The role of software assets in M&A transactions becomes increasingly important for the evaluation of business risks and the commercial or strategic value of the target. The tight time frame makes it obviously inevitable to apply a tool-assisted approach for the assessment of the technology status and the inherent risks. There is a growing understanding that widely used static code analysis tools can not deliver the necessary depth of insight for the investor compared to the analysis of the history of the code and its changes.
In this blog we are going to elaborate why identifying the relevant code and potentially risky hotspots needing improvement has to consider more than just code quality and hotspots of changes. The next blog is focusing on the human factor and why the identification of key developers needs to look beyond knowledge islands.
Just recently some publications presented a tool-based approach as well and delivered some valuable insights:
However, also the analysis of historical data of the code has some pitfalls and potentially leads to simple mistakes you have to be aware of when drawing conclusions. We will post a series of blog articles about critical aspects when executing a tool-based Software Due Diligence.
We are going to explain how we at Cape of Good Code avoid these pitfalls by using our proprietary DETANGLE Analysis Suite as part of our Software Due Diligence methodology.
At first sight code areas that change often look like good candidates to be analyzed with priority. Thus, analyzing the history of changes (sometimes called “behavioural code analysis”) and investigating the code quality of frequently changing code looks like being the right approach instead of static code analysis. But doesn’t it sound like a hen-and-egg problem: does bad code quality cause the high change rates or do all the changes lead to bad code quality? It is hard to tell the difference. Furthermore, do many changes originate from developing new features or from maintenance work like bug-fixing?
So what is a better way to go? Measuring the maintenance effort of code areas would allow revealing the potential impact of bad code quality. In general, we suggest using business relevant KPIs as the starting point to identify risky hotspots of the code and perform a more accurate root cause analysis.
One important KPI is the Maintenance Effort Ratio. It shows the share of maintenance effort related to the total development effort. It measures the maintenance effort by intelligently weighting and aggregating changed lines of code over the code repository and associating them to bugs captured by issue trackers.
The Maintenance Effort Ratio becomes critical (thus a risk), when it passes a certain threshold ranging from 20 to 40%, as this development capacity is certainly not spent on the value-add development of new features. This can be drilled down to select code areas.
For the further investigation of code quality metrics like cognitive complexity, code duplications and potential bugs, static code analysis tools can be integrated into our DETANGLE Platform to use these metrics as well. As a first conclusion all areas of bad code quality BUT low maintenance effort can be ignored.

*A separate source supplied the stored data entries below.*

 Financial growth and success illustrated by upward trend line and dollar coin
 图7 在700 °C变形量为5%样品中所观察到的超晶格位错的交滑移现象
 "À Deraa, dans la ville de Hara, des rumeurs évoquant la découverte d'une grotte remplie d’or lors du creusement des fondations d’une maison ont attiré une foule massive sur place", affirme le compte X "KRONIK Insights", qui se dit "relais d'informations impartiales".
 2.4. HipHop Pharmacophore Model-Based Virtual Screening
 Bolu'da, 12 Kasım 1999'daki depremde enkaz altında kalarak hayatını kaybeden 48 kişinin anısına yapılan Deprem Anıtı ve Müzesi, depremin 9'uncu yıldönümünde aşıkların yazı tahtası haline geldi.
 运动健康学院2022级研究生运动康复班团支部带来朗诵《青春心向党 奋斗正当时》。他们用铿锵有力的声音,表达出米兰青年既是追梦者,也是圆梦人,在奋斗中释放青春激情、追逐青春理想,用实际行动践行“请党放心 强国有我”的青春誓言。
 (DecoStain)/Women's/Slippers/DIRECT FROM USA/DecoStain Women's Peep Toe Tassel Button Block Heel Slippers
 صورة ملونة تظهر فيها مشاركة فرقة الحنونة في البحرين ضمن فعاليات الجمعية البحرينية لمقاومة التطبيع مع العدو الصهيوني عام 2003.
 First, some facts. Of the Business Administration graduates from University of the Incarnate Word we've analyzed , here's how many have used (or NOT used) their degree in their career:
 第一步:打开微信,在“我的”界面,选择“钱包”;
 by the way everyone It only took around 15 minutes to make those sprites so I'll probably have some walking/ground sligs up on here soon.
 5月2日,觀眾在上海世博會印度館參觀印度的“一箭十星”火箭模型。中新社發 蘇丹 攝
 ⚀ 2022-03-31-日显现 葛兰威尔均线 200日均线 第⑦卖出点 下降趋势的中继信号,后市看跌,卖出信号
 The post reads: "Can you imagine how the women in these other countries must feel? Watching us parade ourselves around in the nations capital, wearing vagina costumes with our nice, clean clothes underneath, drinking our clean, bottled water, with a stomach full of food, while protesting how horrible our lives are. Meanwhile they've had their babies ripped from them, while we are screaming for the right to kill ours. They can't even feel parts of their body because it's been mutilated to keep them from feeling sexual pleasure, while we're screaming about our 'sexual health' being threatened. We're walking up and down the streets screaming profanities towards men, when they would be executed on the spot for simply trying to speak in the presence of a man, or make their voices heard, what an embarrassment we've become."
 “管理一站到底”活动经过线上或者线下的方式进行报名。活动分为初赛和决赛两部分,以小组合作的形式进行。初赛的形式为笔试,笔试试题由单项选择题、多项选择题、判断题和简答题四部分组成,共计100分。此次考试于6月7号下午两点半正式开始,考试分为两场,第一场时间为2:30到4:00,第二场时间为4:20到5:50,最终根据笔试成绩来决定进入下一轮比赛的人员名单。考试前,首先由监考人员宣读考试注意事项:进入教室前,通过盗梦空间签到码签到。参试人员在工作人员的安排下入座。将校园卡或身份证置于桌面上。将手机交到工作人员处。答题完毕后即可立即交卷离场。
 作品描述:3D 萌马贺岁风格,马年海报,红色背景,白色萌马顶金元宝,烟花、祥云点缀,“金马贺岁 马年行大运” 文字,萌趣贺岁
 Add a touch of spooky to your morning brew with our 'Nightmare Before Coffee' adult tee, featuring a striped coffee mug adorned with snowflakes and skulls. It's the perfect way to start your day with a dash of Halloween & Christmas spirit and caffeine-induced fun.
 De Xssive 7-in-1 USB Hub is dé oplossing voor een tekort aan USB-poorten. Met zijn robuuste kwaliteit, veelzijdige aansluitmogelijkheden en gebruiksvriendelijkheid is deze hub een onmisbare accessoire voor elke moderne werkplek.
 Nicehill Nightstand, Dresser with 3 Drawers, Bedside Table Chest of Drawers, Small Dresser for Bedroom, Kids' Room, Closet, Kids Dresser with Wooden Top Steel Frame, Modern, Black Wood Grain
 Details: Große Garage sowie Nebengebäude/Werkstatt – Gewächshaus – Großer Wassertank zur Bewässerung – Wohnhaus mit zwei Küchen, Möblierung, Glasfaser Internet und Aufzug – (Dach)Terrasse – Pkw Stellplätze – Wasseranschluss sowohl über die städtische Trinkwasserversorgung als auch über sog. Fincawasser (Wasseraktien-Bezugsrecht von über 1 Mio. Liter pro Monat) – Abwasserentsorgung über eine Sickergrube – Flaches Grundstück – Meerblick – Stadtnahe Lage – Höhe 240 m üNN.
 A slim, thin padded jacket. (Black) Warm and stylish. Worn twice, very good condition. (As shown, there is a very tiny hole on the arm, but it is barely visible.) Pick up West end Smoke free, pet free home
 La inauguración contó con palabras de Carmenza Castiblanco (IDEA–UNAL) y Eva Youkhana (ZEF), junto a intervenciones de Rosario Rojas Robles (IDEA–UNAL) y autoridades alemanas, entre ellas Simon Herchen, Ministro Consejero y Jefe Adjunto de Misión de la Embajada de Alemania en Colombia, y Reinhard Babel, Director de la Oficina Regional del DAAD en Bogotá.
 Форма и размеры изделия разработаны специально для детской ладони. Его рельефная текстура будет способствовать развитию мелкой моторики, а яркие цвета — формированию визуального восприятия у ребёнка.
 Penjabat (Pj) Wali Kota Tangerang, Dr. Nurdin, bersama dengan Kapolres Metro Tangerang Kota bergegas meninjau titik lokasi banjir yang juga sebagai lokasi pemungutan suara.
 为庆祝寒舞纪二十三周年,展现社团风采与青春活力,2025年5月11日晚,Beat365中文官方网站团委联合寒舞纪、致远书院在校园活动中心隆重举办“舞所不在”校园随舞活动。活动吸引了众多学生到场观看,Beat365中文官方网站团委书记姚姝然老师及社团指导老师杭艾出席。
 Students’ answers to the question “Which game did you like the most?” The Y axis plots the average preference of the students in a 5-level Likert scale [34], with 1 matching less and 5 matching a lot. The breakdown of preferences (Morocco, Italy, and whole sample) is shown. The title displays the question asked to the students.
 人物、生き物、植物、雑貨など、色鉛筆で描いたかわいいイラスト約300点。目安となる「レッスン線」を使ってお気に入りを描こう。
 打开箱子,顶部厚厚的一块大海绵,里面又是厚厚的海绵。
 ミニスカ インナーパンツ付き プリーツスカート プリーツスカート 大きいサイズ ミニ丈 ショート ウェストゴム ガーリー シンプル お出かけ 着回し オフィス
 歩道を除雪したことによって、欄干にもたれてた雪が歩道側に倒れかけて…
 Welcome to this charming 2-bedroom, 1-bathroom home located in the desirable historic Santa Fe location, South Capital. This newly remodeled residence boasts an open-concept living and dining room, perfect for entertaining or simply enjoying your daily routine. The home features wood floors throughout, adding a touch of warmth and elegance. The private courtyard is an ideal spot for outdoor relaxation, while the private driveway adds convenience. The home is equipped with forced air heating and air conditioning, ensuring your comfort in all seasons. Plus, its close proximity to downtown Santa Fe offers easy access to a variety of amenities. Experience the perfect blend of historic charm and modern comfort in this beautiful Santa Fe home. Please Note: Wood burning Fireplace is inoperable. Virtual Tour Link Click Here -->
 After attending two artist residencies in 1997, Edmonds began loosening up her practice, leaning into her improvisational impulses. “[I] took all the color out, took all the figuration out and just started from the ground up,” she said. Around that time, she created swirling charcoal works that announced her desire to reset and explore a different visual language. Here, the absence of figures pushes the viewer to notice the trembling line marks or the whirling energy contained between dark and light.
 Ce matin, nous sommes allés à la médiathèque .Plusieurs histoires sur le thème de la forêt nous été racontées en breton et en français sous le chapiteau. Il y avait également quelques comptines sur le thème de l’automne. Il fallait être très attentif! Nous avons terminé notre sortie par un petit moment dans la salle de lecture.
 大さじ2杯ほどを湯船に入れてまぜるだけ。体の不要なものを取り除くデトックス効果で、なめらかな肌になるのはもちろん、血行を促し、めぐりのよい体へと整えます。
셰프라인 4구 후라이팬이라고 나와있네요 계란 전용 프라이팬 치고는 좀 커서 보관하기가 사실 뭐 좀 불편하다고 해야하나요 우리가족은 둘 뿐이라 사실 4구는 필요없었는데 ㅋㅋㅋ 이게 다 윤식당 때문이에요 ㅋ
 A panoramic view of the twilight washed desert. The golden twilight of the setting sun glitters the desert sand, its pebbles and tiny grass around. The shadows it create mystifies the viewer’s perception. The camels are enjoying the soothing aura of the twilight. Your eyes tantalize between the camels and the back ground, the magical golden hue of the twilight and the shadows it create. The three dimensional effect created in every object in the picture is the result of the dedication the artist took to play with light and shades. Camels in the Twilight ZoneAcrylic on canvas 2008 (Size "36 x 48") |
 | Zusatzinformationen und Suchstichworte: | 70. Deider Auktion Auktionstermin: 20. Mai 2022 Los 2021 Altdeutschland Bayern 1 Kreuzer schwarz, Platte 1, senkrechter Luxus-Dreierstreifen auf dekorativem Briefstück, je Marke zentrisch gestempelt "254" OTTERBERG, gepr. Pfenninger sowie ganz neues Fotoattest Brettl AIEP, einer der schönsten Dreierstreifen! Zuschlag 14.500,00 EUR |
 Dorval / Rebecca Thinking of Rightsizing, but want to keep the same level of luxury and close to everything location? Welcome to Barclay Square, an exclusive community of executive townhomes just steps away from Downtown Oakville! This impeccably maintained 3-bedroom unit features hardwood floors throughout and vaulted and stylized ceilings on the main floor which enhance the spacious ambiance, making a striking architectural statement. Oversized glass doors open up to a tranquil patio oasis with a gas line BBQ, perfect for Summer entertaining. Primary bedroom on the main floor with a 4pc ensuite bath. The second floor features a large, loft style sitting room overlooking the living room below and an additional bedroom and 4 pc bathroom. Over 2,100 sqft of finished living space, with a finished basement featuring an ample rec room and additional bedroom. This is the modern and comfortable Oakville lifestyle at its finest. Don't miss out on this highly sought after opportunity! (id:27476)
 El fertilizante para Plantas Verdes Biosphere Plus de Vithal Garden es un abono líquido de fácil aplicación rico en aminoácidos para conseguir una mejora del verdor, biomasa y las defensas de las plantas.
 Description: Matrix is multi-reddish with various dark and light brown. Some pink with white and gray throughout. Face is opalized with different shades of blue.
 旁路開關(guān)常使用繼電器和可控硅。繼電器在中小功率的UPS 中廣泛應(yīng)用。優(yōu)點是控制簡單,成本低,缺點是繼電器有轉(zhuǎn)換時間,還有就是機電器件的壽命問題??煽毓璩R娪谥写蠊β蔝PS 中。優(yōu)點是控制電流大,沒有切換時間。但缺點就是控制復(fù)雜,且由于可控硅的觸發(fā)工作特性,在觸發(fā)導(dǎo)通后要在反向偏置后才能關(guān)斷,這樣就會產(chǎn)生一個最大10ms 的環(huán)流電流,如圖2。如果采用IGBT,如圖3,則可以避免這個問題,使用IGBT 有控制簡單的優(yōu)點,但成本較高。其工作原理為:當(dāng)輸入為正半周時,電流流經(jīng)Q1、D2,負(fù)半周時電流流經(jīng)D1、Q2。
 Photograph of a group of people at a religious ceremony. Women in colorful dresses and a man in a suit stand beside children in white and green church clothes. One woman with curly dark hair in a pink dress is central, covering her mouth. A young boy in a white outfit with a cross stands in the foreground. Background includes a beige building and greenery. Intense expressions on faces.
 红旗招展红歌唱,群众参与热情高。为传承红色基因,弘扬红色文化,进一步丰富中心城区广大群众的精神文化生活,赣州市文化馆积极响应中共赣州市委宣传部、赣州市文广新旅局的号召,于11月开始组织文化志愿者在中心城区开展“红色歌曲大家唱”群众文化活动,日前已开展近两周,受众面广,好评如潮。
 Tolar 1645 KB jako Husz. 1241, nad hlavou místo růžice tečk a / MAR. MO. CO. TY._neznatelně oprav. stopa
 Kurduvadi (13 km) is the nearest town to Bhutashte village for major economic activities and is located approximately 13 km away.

Additionally, in reality by far not all maintenance hotspots are related to bad code quality. Further analysis is needed. From our experience architecture quality is much more important than code quality when we talk about high-quality software with a long useful life-cycle. Our DETANGLE architecture quality metrics of feature coupling and cohesion are often correlated to the occurrence of high maintenance efforts.
The figure visualizes feature coupling of the German Corona-Warn- App across the code. The named arcs represent risk calculation features (v1.9). These ones are locally coupled between each other as shown by their connections. Besides, these features also show high global coupling unrelated features as well.
Therefore, we have introduced another KPI capturing the ease of adding new features. We named it the Feature Effort Effectiveness Index. The architecture quality metrics of feature coupling and cohesion show with a high degree of accuracy, that bad architecture leads to lower Feature Effort Effectiveness, meaning that adding new features absorbs more capacity and more budget than it should.
Software Due Diligence benefits from a tool-based approach with clearly defined KPIs. It helps to achieve deep and plausible insight in risks for the M&A transaction in a rather short time. But these tools have to be used with sensitivity and experience in order to avoid false or incomplete conclusions.
For instance, parts of the code might be less of a maintenance hotspot than code quality indicates only. In contrast, architecture quality is a more reliable root cause of feature development hotspots. Knowing the main pitfalls and being able to avoid them in a Due Diligence investigation is essential to get the right conclusions from a tool-based approach.